Петр встал и дерзко поклонился.
– Располагайте мною, когда угодно. И опять простыня не колыхнулась.
Все еще тянулся караван в окне; верблюды шагают еще ленивей, чем тягучее азиатское время. И опять Маронов слушал громоздкий плач колокольцев и деревянных иссохших бубенцов. Вдруг он вспомнил: он услышал его [532] впервые, когда, шатаясь от истощения, кружил за голубым песцом, попавшим в силок. Надо было убить зверя ударом сапога в нос, чтобы не испортить драгоценного меха, но даже и на то, чтобы вытащить ногу из снега, не хватало силы. Это была та же самая ранящая мелодия, но тогда она цветными кругами выделялась через уши и глаза... и вот, обойдя громадные пространства, она новой щемящей тревогой возвращалась в Маронова. Он не бежал от судьбы: сам он сказал про себя, что вколочен в Азию, как гвоздь, и не существовало в мире клещей, чтобы вырвать его с избранного места. И когда из-за последнего верблюда показался бегущий к нему человек, Петр снова почувствовал себя заряженным аккумулятором.
Он не ошибся: судьба бежала именно к нему.
– Маронов? – крикнул тот и уперся в подоконник руками, чтобы перевести дыхание. – Товарищ Мазель просил вас немедленно прийти в исполком, к Акиамову!
– Что случилось? – вздрогнул Петр и даже сам не приметил, каким именно способом он сразу оказался по ту сторону окна. – Что, наконец... война!..
– Нет, телефонограмма! – И потащил Маронова за локоть.
Петр не сопротивлялся. Вдруг стало так, словно никогда в жизни не существовало Якова Маронова и его необыкновенных приключений на Баренцевом море. Ежеминутно в сердце страны вливалась новая кровь, а старая, отжитая, без сожаленья выплескивалась наземь...
Память о брате была первой вещью, которую, вместо балласта, выкинул Петр, устремляясь в новые рейсы.

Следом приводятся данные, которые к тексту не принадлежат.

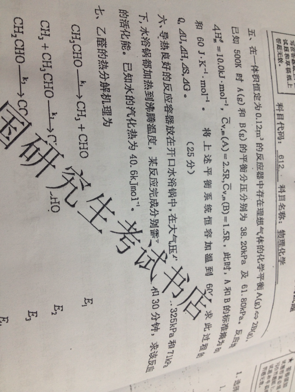 几道物化题目,求解答,望有详细分析过程已有1人参与
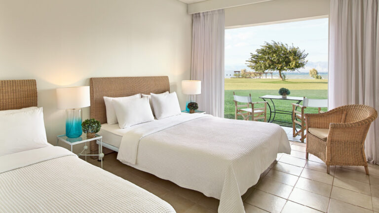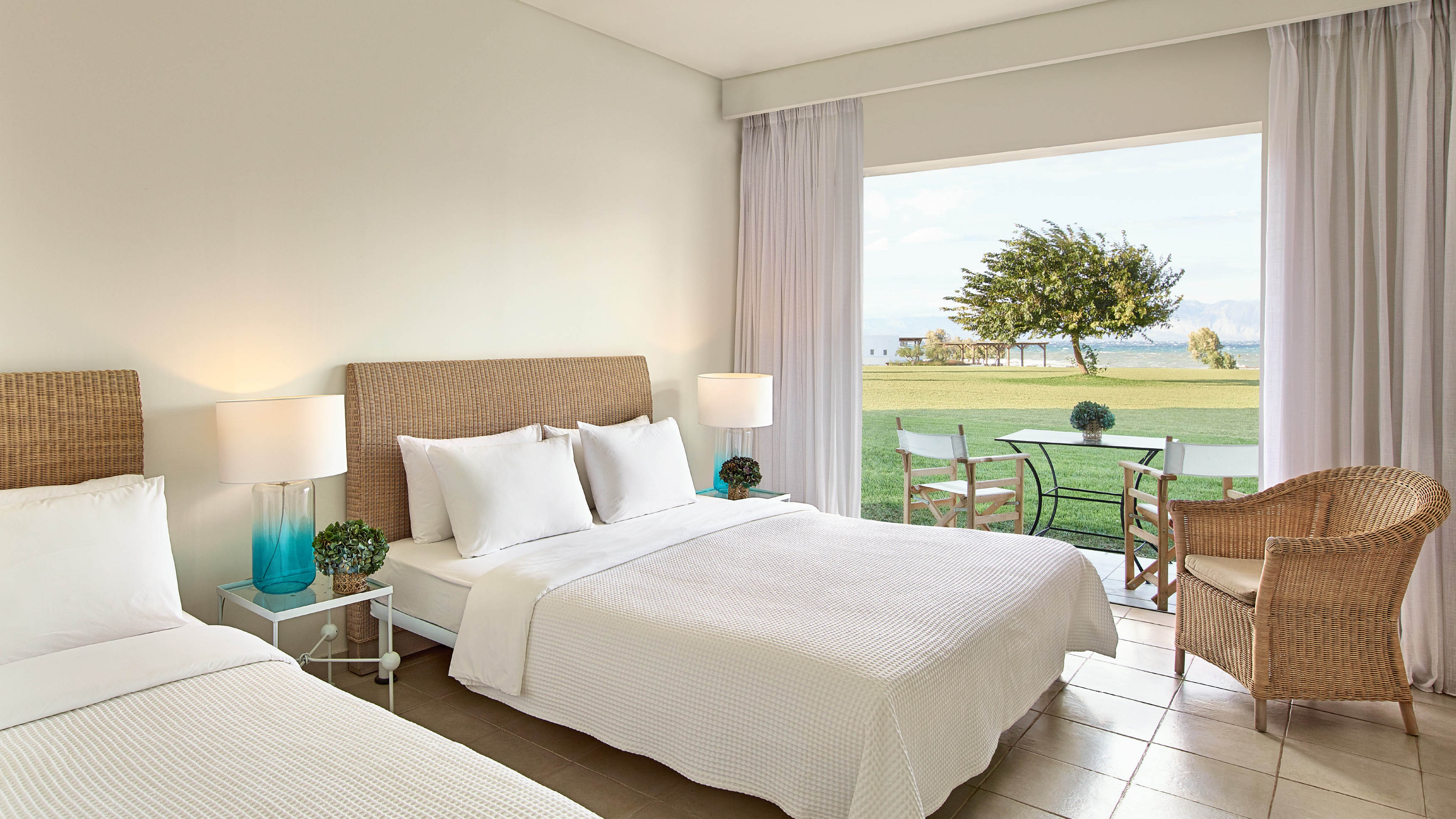 Light filled open-plan guestrooms, appointed in the bungalow clusters, offer a Mediterranean-inspired feel overlooking the eternal landscape and the crystal-clear sea.

Безыменный пограничник с поста Сусатан-Кую увидел бурое, на фоне неба, облако возле самого полдня. Оно равномерно и быстро поднималось из-за плешивых холмов, которые со всех сторон обступают горизонты Сусатана. Оно багровело, показалось ему, по мере приближения, и потом враз, как по сговору, завыли две красноармейские собаки. Стало темно, как в сумерки. На потускневшее небо, опустившееся до высоты двух деревьев, пограничник взирал очумело, ибо под Дюшакли его перекинули с Сахалина, где никогда не случалось такого. Вдруг по козырьку его вскользь ударило что-то, и легкий этот удар почти ошеломил воображение пограничника. Он поднял э т о с травы. Оно было розово и чуть желтовато в надкрыльях; оно имело [533] усы, как у кузнечика, но чуть короче; лапки были желтые, с черной жесткой бахромкой; они двигались и жестко щекотали огрубелые красноармейские руки... Он разглядывал это долго и со всех сторон, а оно все жило и копошилось, а туча неслась, нарастая и темнея цветом, распространяя шелест и гнетущую тревогу. Самый свет затмевался, и скоро в зрительном сознании пограничника не осталось ничего, кроме этого розового существа, которое явно умирало на его ладони. Затем, точно пробудясь, он гадливо вытер руку о траву и произнес ту самую фразу, которую два часа спустя кинул и начпогранотряда Зудин в кабинете Акиамова.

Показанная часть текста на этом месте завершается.